# Laelia kettieana



## SlipperFan (Jun 4, 2010)

This is for Mark -- is this the one that bloomed for you? It is so cute!


----------



## Lanmark (Jun 4, 2010)

Nope. This one had not yet bloomed for me. It was the L. bradei that had.

This one is verrry nice! :clap: I'm so happy it has bloomed for you! :clap:


----------



## JeanLux (Jun 5, 2010)

Lovely bloom on this compact rupiculous!!! Jean


----------



## Paul (Jun 5, 2010)

very lovely, yes !!!


----------



## Hera (Jun 5, 2010)

Pretty one!


----------



## tenman (Jun 5, 2010)

Very nice. I'm still trying to figure out how to get most of mine to bloom.
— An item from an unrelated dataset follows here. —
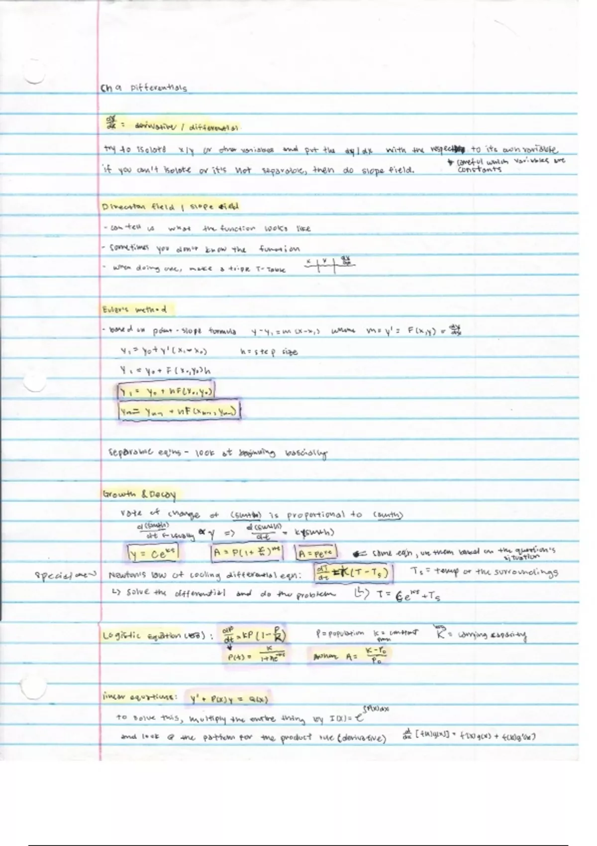 A summary sheet covering the highlight of Differentials from Ch 9 of the textbook, Calculus, by James Stewart
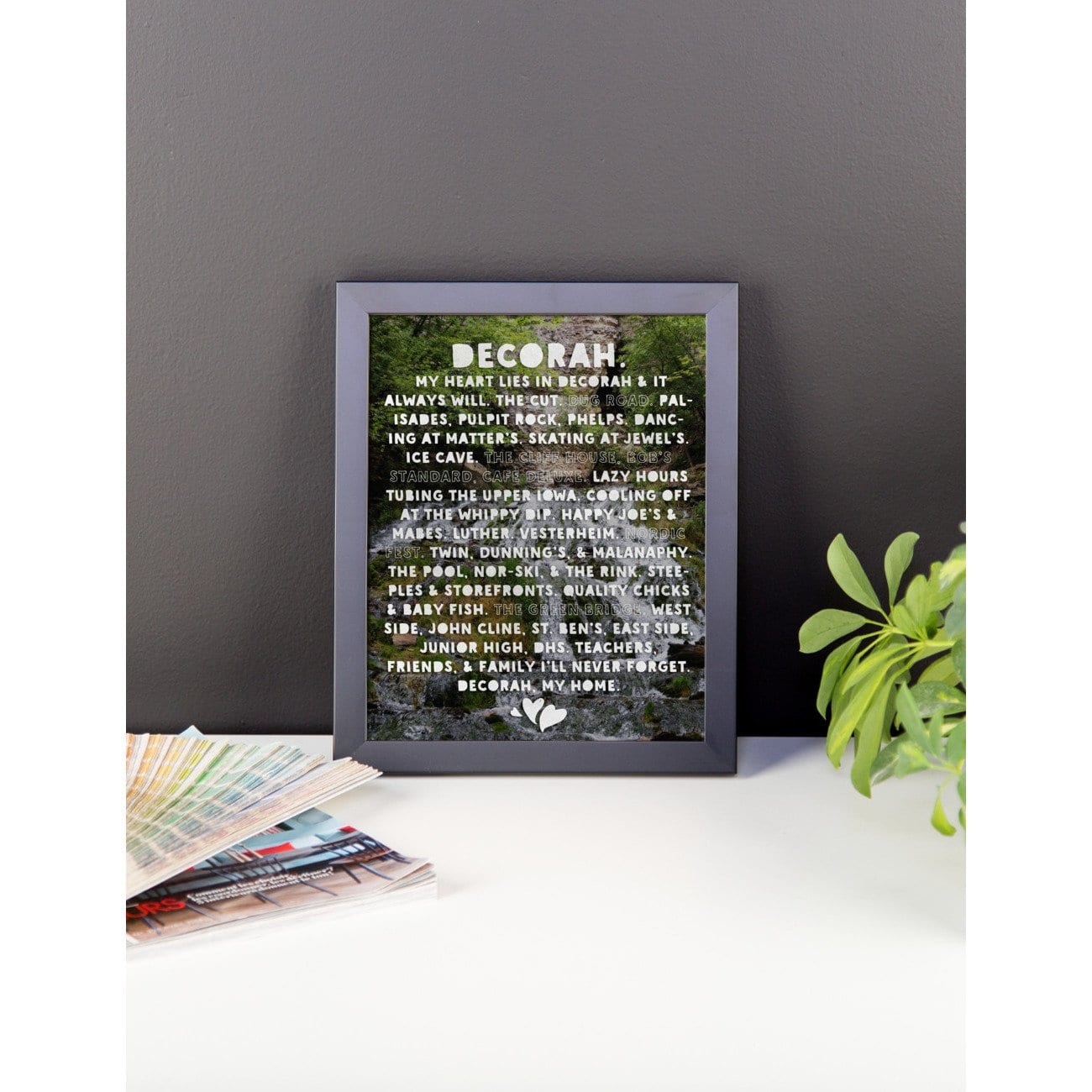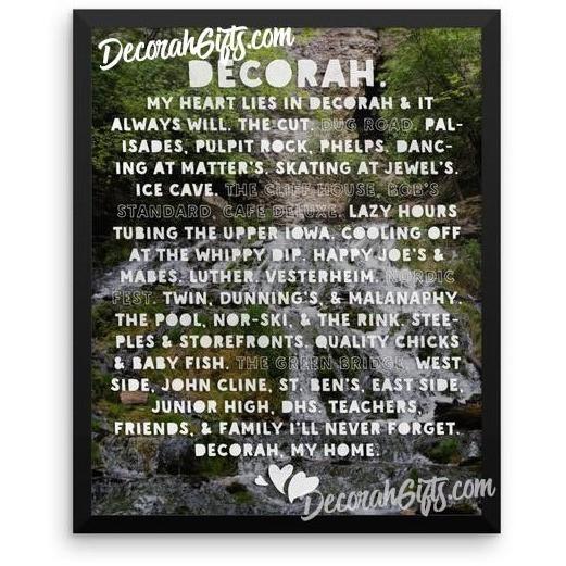A framed, enhanced matte poster featuring Dunning Springs in Decorah, Iowa, with "My Heart Lies In Decorah" design. Black frame is alder, semi-hardwood.

Fournieri bloom regularly and milleri was a first-time blooome rthis spring, but the other dozen or so just don't.


----------



## KyushuCalanthe (Jun 5, 2010)

Pretty Dot, but that's not a Catt, it's a Laelia :rollhappy::sob::rollhappy:


----------



## PaphMadMan (Jun 5, 2010)

Now that I think about it, the picture of kettieana in OrchidWiz is yellow. Does this species have a yellow phase too?

And KyushuCalanthe, of course this could be a Cattleya, a Sophronitis or a Hoffmannsegella... anything but a Laelia.


----------



## SlipperFan (Jun 5, 2010)

PaphMadMan said:


> Now that I think about it, the picture of kettieana in OrchidWiz is yellow. Does this species have a yellow phase too?



Interesting ... Jay has a photo of one that is the same color as mine, but he also has one that's a different color. Not yellow, though.
http://orchidspecies.com/laelkettiana.htm


----------



## streetmorrisart (Jun 8, 2010)

Beautiful, Dot! I love these little guys.


----------



## Lanmark (Jun 8, 2010)

I'm rethinking it, Dot, and perhaps this one did bloom for me once before.  I can't remember anymore. :rollhappy:


----------